Если в современной теории литературы метафоре, фактически поглотившей прочие традиционные фигуры, все же противостоит что-то иное, то это не столько метонимия, сколько другой дискурсивный эффект, который, как и упомянутая выше цитация, редко причисляется к фигурам: это топос, то есть «общее место», клише, стереотип. Собственно, топос – это и есть цитата с утерянным, забытым источником, ставшая «ничьей», «общественным достоянием» и функционирующая как плотный, неразложимый сгусток языковой памяти. Эта словесная единица определяется скорее функционально, чем структурно. Иногда она представляет собой короткое устойчивое речение, подобное языковым фразеологизмам, а иногда – довольно обширный комплекс абстрактных, чисто семантических инвариантов, конкретизируемых разнообразным лексическим материалом; примером может служить locus amœnus – стандартное описание «благоприятного места», «прелестного уголка» природы, часто упоминаемое исследователями, вероятно потому, что в его названии сходятся два значения латинского слова locus: языковое («место» как часть пространства) и метаязыковое («место» как сегмент риторической речи). Подобно метафоре, топос может использоваться «риторически», для амплификации и украшения стандартных поэтических тем, а может и «философски» – если не для выработки новых знаний, то для систематизации и хранения уже существующих. В старинной мнемонике существовал термин «места памяти», то есть условные рубрики, служащие для структурирования и запоминания массы сведений[322]; современные филологи тоже признают за риторикой функцию сохранения знаний (см. ниже о понятии «готового слова»).
Пограничное положение топоса среди фигур стиля связано с тем, что он опознается, но не ощущается читателем / слушателем (ср. с неощутимостью когнитивных метафор), то есть представляет собой лексикализованную фигуру, факт скорее языка, чем речи. С этой проблемой столкнулся Майкл Риффатер, занимаясь вопросом об ощутимости стилистических приемов. В строке из сонета Бодлера «Кошки» – «ils cherchent le silence et l’ horreur des ténèbres» («они [кошки] ищут тишину и ужас мрака») – он отмечает глагол chercher («искать») как отклонение от узуса, поскольку обычным выражением был бы глагол aimer («любить»); однако «в этом нет ничего кроме обыкновенной трансформации прозы в стихи»[323], это условная, неощутимая замена нейтрального термина более поэтичным. А вот «ужас мрака» отмечается опрашиваемыми информантами как ощутимый прием – несмотря на то, что во французской поэзии это устойчивое клише: «Если ваш читатель необразован, это клише поразит его своей внутренней выразительной силой; если же он начитан, он опознает здесь литературную аллюзию или, во всяком случае, литературную форму»[324]. Получается, что эффект «поразительности» или же «опознаваемости» топоса зависит от эрудиции читателя и не может считаться объективным различительным критерием для определения этой фигуры. В современной литературе топос, обычно именуемый клише или стереотипом (оба слова этимологически отсылают к технике книгопечатания), остается опознаваемым, но получает двойственную функцию: с одной стороны, он расценивается как банальность, которой писателю следует избегать, но с другой стороны, его можно и нужно иронически воспроизводить при имитации чужой речи и мысли.

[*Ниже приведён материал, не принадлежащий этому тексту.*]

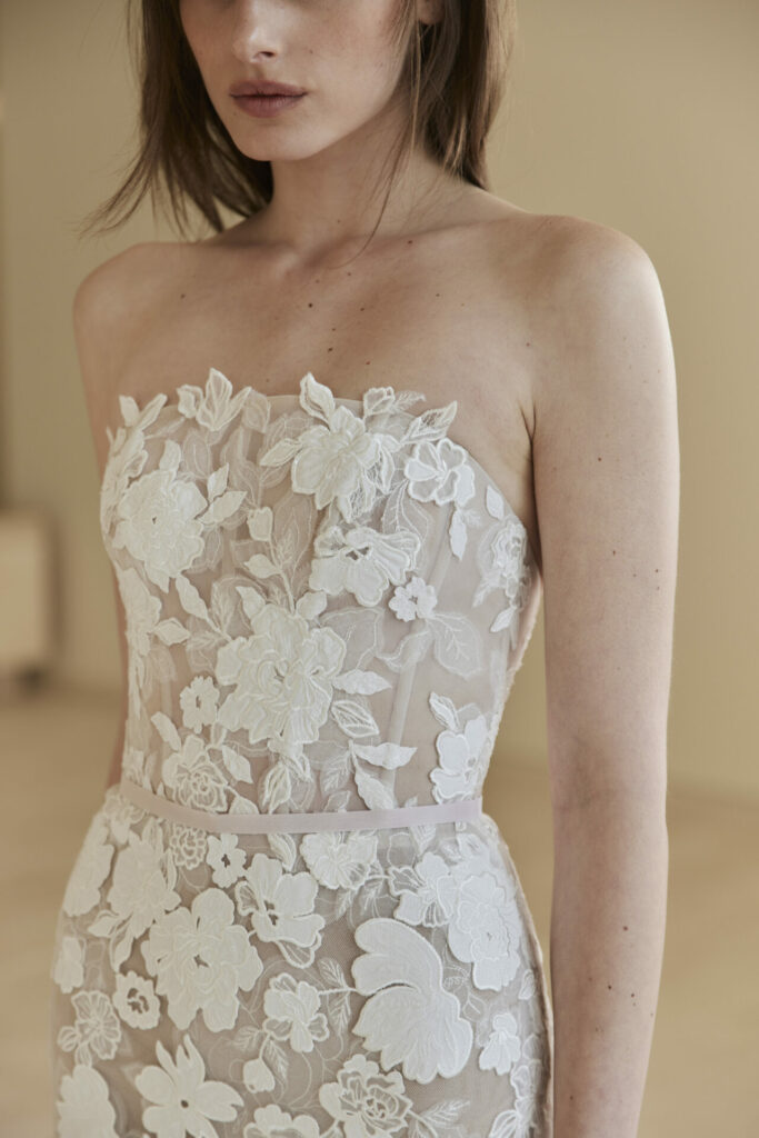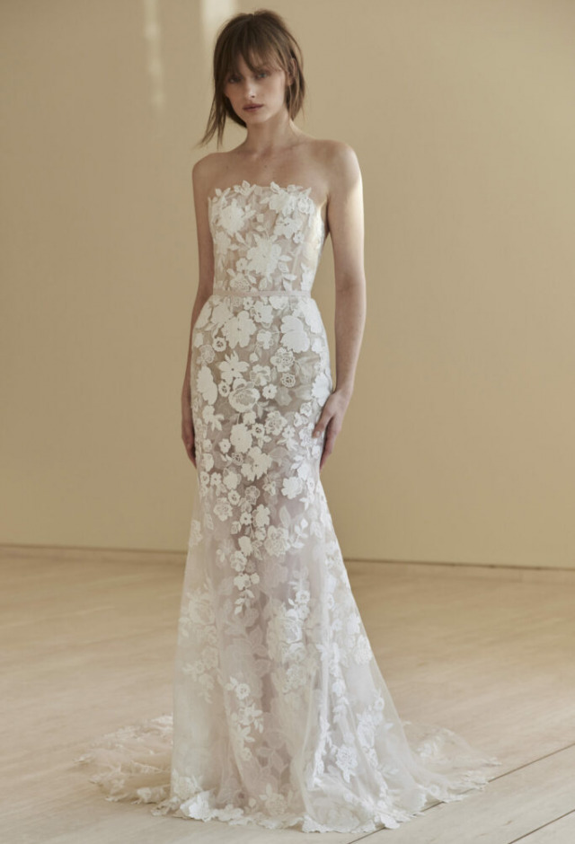 Price available on requestSlim-fitted gown crafted from sheer, embroidered tulle, adorned with cascading 3D floral appliqués that sculpt the body with romantic texture. The strapless neckline frames the décolletage with clean elegance, while the floral motifs appear to bloom organically across the silhouette. This refined design offers a modern take on classic bridal romance—lightweight, ethereal, and effortlessly sophisticated. Peter Langner Mirror of Wishes Wedding Dress

Современная наука рассматривает топику исторически – не только как вневременную традицию, но и как принадлежность определенной, ушедшей в прошлое культурной формации. В наши дни «говорить общими местами» – это уничижительная характеристика чьего-либо дискурса; в старину же такой была нормальная риторическая практика. Это продемонстрировал на богатом материале Эрнст Роберт Курциус в монографии «Европейская литература и латинское средневековье»[325]; опираясь на нее, Сергей Аверинцев и Александр Михайлов в 1980-х годах сформулировали концепцию «риторической эпохи», которая в западноевропейских литературах продлилась вплоть до романтической революции[326] и характеризовалась законом «готового слова».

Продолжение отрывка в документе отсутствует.